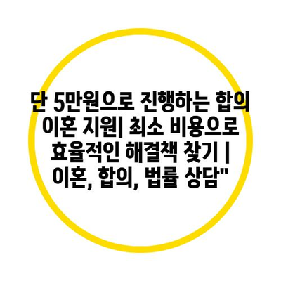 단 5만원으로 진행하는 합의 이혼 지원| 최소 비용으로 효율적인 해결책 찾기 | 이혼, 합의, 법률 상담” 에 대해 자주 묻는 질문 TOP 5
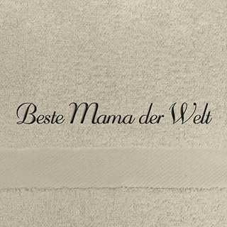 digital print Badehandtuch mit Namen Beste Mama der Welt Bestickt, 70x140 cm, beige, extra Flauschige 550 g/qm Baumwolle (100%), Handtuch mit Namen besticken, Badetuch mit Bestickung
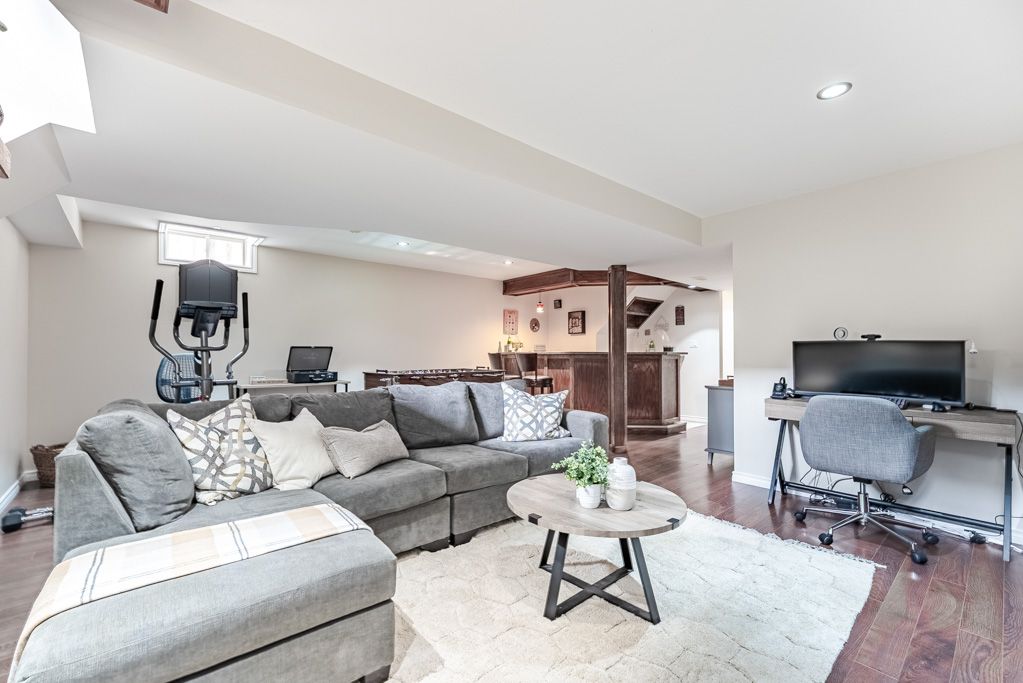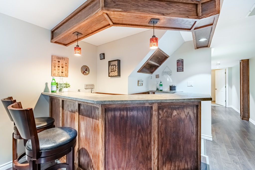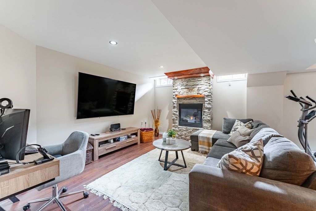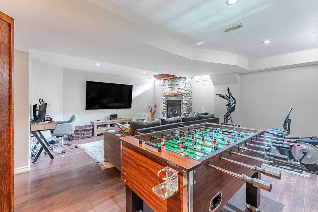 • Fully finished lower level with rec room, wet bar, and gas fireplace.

What you will do
Print the entire listing above verbatim. No picture should be included.

Finished exercise
 단 5만원으로 진행하는 합의 이혼 지원| 최소 비용으로 효율적인 해결책 찾기 | 이혼, 합의, 법률 상담” 에 대해 자주 묻는 질문 TOP 5
 digital print Badehandtuch mit Namen Beste Mama der Welt Bestickt, 70x140 cm, beige, extra Flauschige 550 g/qm Baumwolle (100%), Handtuch mit Namen besticken, Badetuch mit Bestickung
 • Fully finished lower level with rec room, wet bar, and gas fireplace.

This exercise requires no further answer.